[TASK BRIEF]: Once the line with "Рубашка синего цвета" is found in the entries below, repeat it and each following line exactly, up to and including the line with "отправилась в комнату.". Add no other lines.

[SOURCE RECORDS]:
:::::

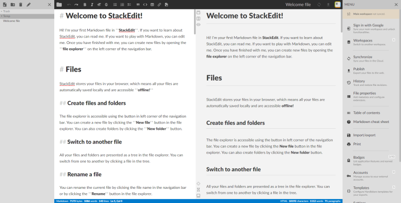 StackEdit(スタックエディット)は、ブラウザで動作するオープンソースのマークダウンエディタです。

:::::

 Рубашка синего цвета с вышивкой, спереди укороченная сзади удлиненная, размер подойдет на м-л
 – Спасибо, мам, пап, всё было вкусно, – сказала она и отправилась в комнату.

:::::

[ANSWER TO THIS PROBLEM]:
 Рубашка синего цвета с вышивкой, спереди укороченная сзади удлиненная, размер подойдет на м-л
 – Спасибо, мам, пап, всё было вкусно, – сказала она и отправилась в комнату.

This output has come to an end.